Nous discutons souvent des raisons pour lesquelles les électeurs soutiennent des hommes politiques qui font des commentaires ouvertement racistes et misogynes : est-ce que cela révèle des préjugés auparavant cachés, ou est-ce que les gens admirent les briseurs de règles et se méfient de l'establishment plus qu'ils ne détestent l'intolérance ? Mais nous parlons moins de l'échec de la première ligne de défense. Pourquoi le Parti républicain a-t-il investi Trump après ses déclarations de 2015 ? Pourquoi Boris Johnson n'a-t-il pas été mis à l'écart après avoir comparé les femmes musulmanes à des boîtes aux lettres en 2018, ou plus tôt pour sa remarque sur les « *watermelon smiles* » des citoyens du Commonwealth ? Pourquoi Kemi Badenoch a-t-elle limogé Robert Jenrick seulement lorsqu'il a prévu de passer à Reform, et non quand il a déploré l'absence de « *white faces* » à Birmingham ? Et pourquoi, dans un pays doté de lois strictes sur les discours haineux, Herbert Kickl, chef du parti d'extrême droite autrichien FPÖ, continue-t-il de prospérer ? Comment le FPÖ autrichien parvient-il à déjouer ses critiques si efficacement ? (« C'est un orateur habile », note Wodak. « Ses discours montent en intensité. Ils sont pleins de haine, mais souvent difficiles à cerner. ») Et pourquoi David Lammy a-t-il choisi d'aller pêcher avec JD Vance, après que ce dernier a réduit à plusieurs reprises la valeur des femmes à la maternité ?
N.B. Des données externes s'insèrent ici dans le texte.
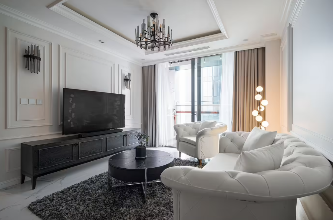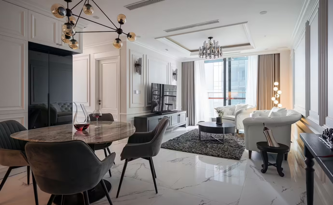 Tổng quan về căn hộ: Căn hộ cũ có cấu trúc bị chia cắt, gây cản trở ánh sáng và sự liên kết không gian. Giải pháp cải tạo đã tập trung vào việc tạo ra một không gian rộng rãi, liền mạch và thể hiện nét đặc trưng của phong cách Tân Cổ Điển. Các bức tường ngăn cách không cần thiết đã được dỡ bỏ để tạo ra một không gian sinh hoạt chung mở lớn, nơi phòng khách và phòng ăn hòa quyện vào nhau. Sự liền mạch này giúp ánh sáng tự nhiên từ cửa sổ lớn lan tỏa khắp căn hộ, đồng thời làm nổi bật các chi tiết trang trí.

Nigel Farage a été accusé d'antisémitisme choquant depuis ses années d'école, ainsi que de critiques plus récentes pour avoir utilisé des tropes antisémites bien connus comme « *Jewish lobby* », « *new world order* » et des avertissements sur un gouvernement « *globalist* ». Bien qu'il nie tout antisémitisme, cela représente une forme audacieuse de « *vice-signaling* » – briser les tabous autour d'un tel langage et détruire le prétexte de longue date de la droite selon lequel l'antisémitisme était uniquement un problème de gauche. Comment a-t-il maintenu son image médiatique amicale ?
Au Royaume-Uni, les médias de droite opèrent dans une sorte de chambre d'écho lorsqu'il s'agit de contester ces tendances. Les journaux ont repoussé les limites au rythme des changements politiques. « Ils sont partis en vrille », dit Bale, « d'une manière qui aurait été inimaginable il y a seulement dix ans. » Nous avons débattu des raisons de ce phénomène – il pense que les « *legacy media* » rivalisent avec l'internet chaotique pour les clics, tandis que je soutiens que les médias de droite en particulier ont abandonné toute retenue en matière de discours haineux et d'altérisation, reflétant les intérêts de propriétaires milliardaires de plus en plus agressifs. Nous sommes convenus de ne pas être d'accord.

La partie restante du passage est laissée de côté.